§ **THE DATA**:
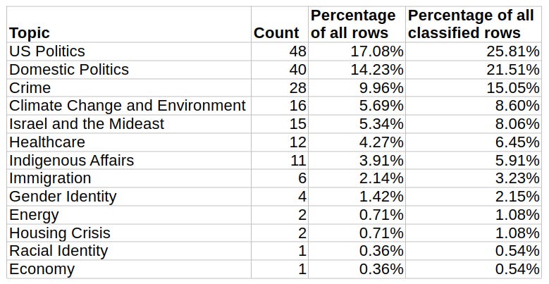 I then (mostly) manually classified the other 186 stories using nine topics. Here’s how those broke down:
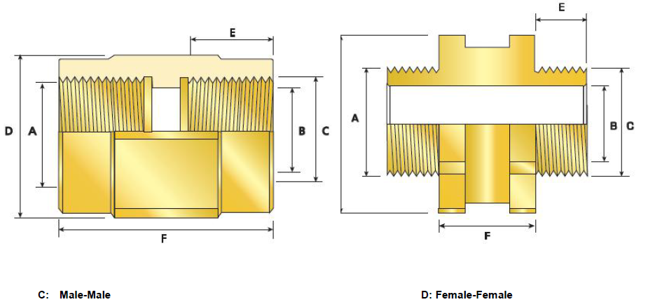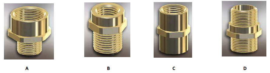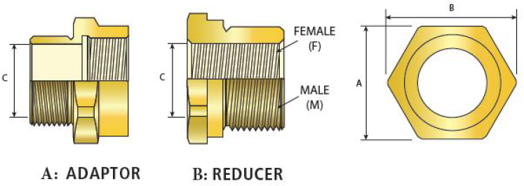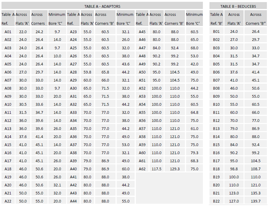 Select the female thread size from the top of Table ‘A’, referenced ‘A**’ for Adaptor and ‘B**’ for Reducer
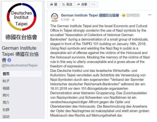 其实,这并不是这个“德国旧马克协会”第一次举纳粹旗上街,“德国在台协会”之前曾对他们的行径发表声明称,多年来“德国旧马克协会”持续不定期联系“德国在台协会”,要求偿付德国1920年代初发行之旧马克币之对等金额,但该纸币早于近100年前即停止流通并丧失价值,这些纸币与一战后德国战后赔偿义务毫无相关,并多次告知,但“德国旧马克协会”仍使用纳粹标志、羞辱方式表达要求,“只可被视为勒索行为”,“我们在此要求德国旧马克协会立刻停止这种冒犯的行为”。
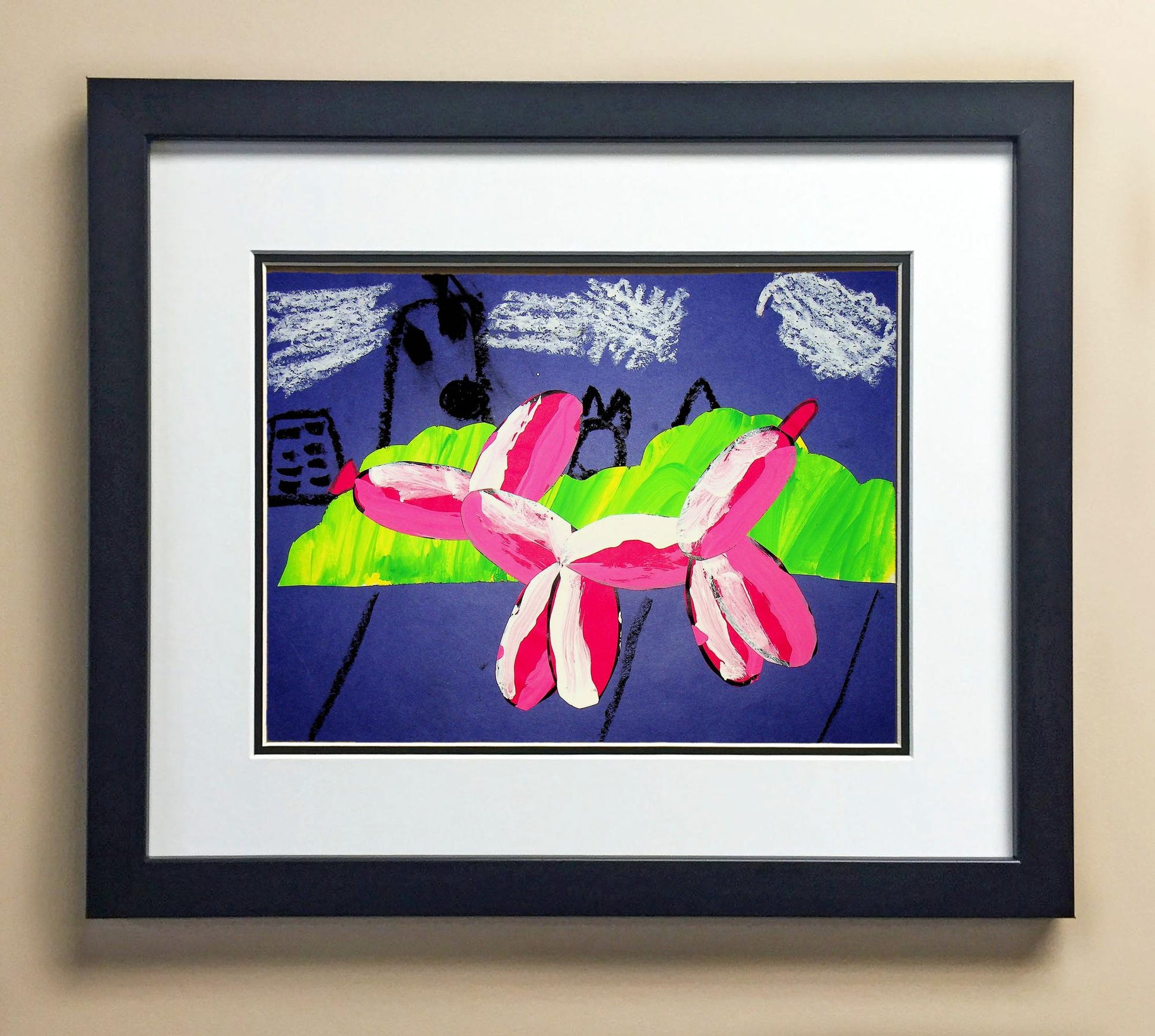 Included with the purchase is the Students Artwork, Frame, double matboard, shatter proof plexiglass, and a ready to hang backerboard with turnbuttons
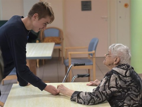 | Une patiente atteinte de la maladie d'Alzheimer et un adolescent le 18 octobre à Saint-Quirin, dans l'Est. |
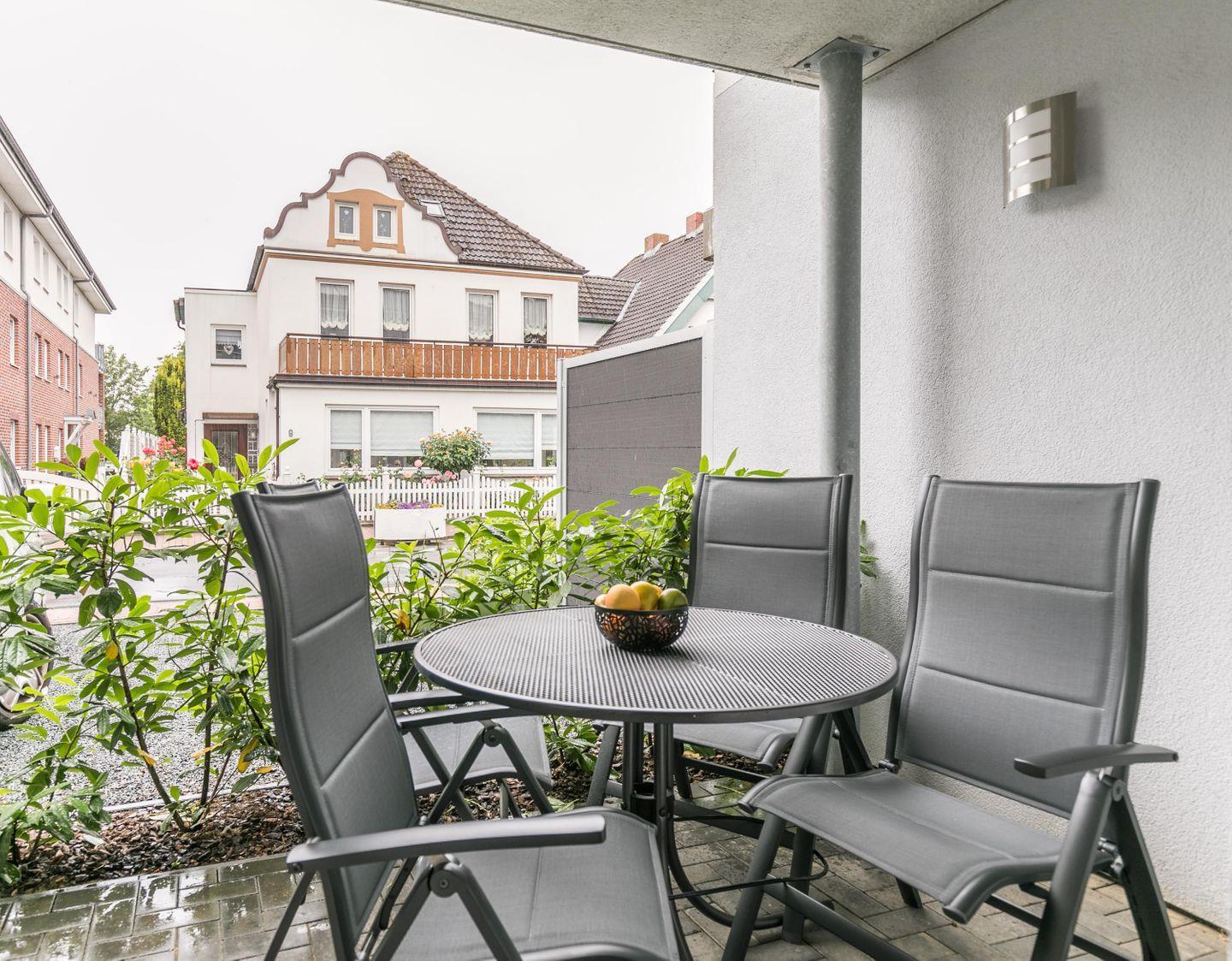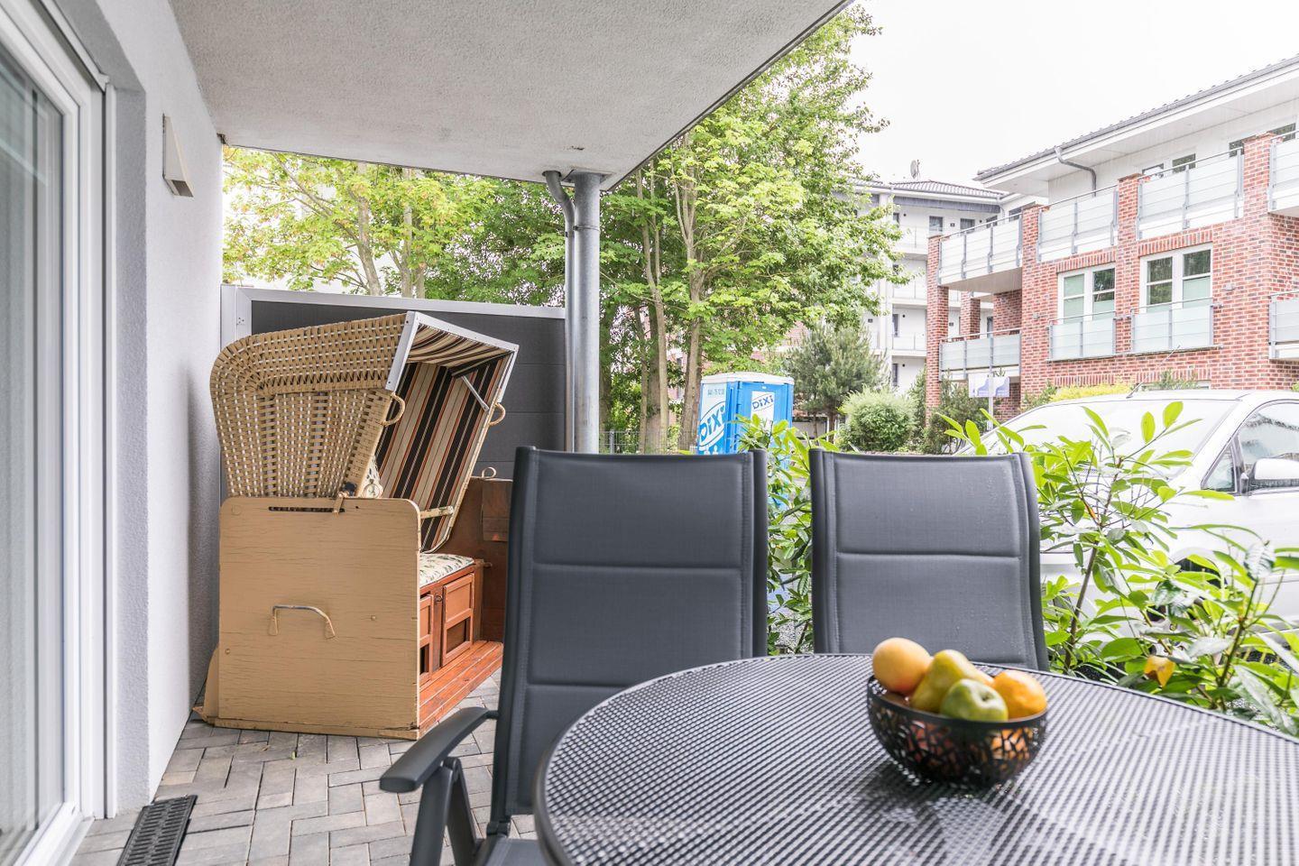 Auf der Terrasse steht außerdem ein echtes Original: Ein Strandkorb vom Büsumer Deich - Nordseefeeling pur!
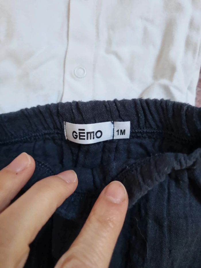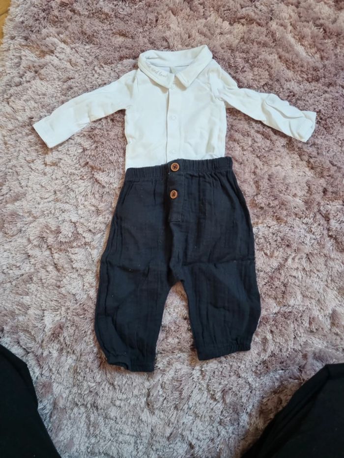 Body habillé manches longues blanc orchestra 1 mois Pantalon gaz de coton marine taille 1 mois Gemo

§ **REQUIRED ACTION**:
Set the data above down again exactly as given, with no pictures.

§ **WRITTEN REPLY**:
 I then (mostly) manually classified the other 186 stories using nine topics. Here’s how those broke down:
 Select the female thread size from the top of Table ‘A’, referenced ‘A**’ for Adaptor and ‘B**’ for Reducer
 其实,这并不是这个“德国旧马克协会”第一次举纳粹旗上街,“德国在台协会”之前曾对他们的行径发表声明称,多年来“德国旧马克协会”持续不定期联系“德国在台协会”,要求偿付德国1920年代初发行之旧马克币之对等金额,但该纸币早于近100年前即停止流通并丧失价值,这些纸币与一战后德国战后赔偿义务毫无相关,并多次告知,但“德国旧马克协会”仍使用纳粹标志、羞辱方式表达要求,“只可被视为勒索行为”,“我们在此要求德国旧马克协会立刻停止这种冒犯的行为”。
 Included with the purchase is the Students Artwork, Frame, double matboard, shatter proof plexiglass, and a ready to hang backerboard with turnbuttons
 | Une patiente atteinte de la maladie d'Alzheimer et un adolescent le 18 octobre à Saint-Quirin, dans l'Est. |
 Auf der Terrasse steht außerdem ein echtes Original: Ein Strandkorb vom Büsumer Deich - Nordseefeeling pur!
 Body habillé manches longues blanc orchestra 1 mois Pantalon gaz de coton marine taille 1 mois Gemo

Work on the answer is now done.